С наступлением теплых дней он все чаще и чаще уходил в лес и пропадал там сутками.
Он не знал, что жандармский подполковник Карпов подослал в Манзурку своих шпионов, которым удалось установить многое: например, то, что существует организациях ссыльных, а также нелегальная касса взаимопомощи. Начальник жандармского управления послал в Манзурку ротмистра Белавина с заданием ликвидировать организацию, которая будто бы носит военный характер и готовит вооруженное восстание. Начальник не сомневался, что при обыске у Фрунзе будут обнаружены изобличающие документы.

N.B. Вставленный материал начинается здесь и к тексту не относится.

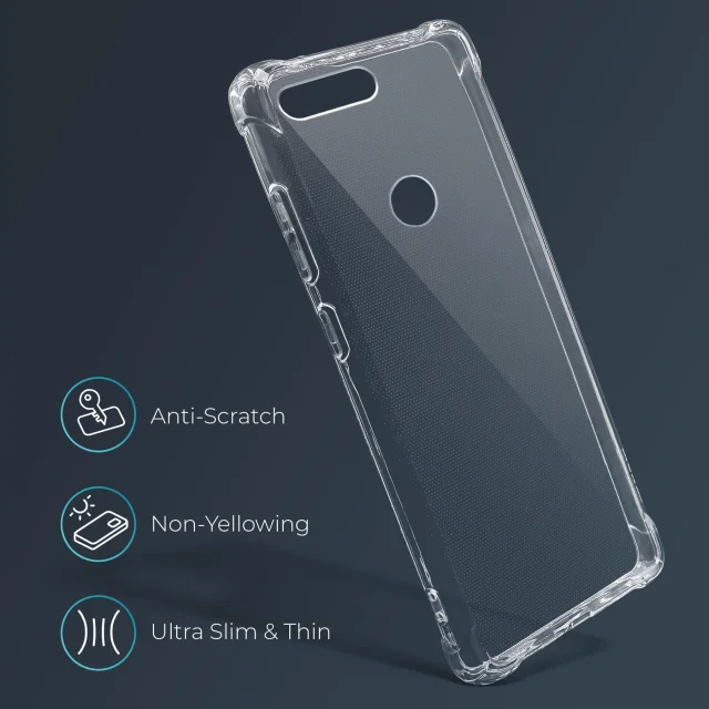 Moozy Shock Proof Silikonski ovitek za Huawei Y6 2018 - prozoren, kristalno čist ovitek za telefon, mehak TPU ovitek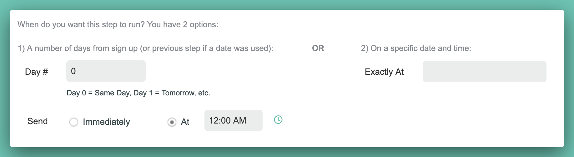 When you create a new autoresponder email you'll now see the option to send an email based on the day someone signed-up (or was tagged) to receive the autoresponder or on a specific date and time, no matter when they signed up!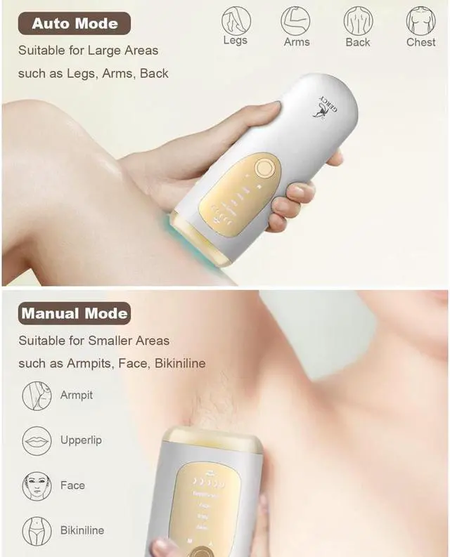 Easy to Use & Auto/ Manual Mode: The hair removal laser comes with manual and automatic modes, the default is manual mode, press and hold the flash button for 3 seconds to switch to automatic mode, manual mode is suitable for precise areas such as lips, fingers, armpits and bikini line. Auto mode is suitable for large areas such as arms, legs, abdomen, and back

Но ротмистр оказался недалеким человеком. Он нагрянул в Манзурку, арестовал троих, а Фрунзе отпустил. Карпов побежал к начальнику управления.
— Нужно немедленно арестовать Фрунзе! Растяпе Белавину, видите ли, потребовались улики. Голова всему — Фрунзе. Я точно знаю. Их всех, большевиков, должно запрятать в тюрьму.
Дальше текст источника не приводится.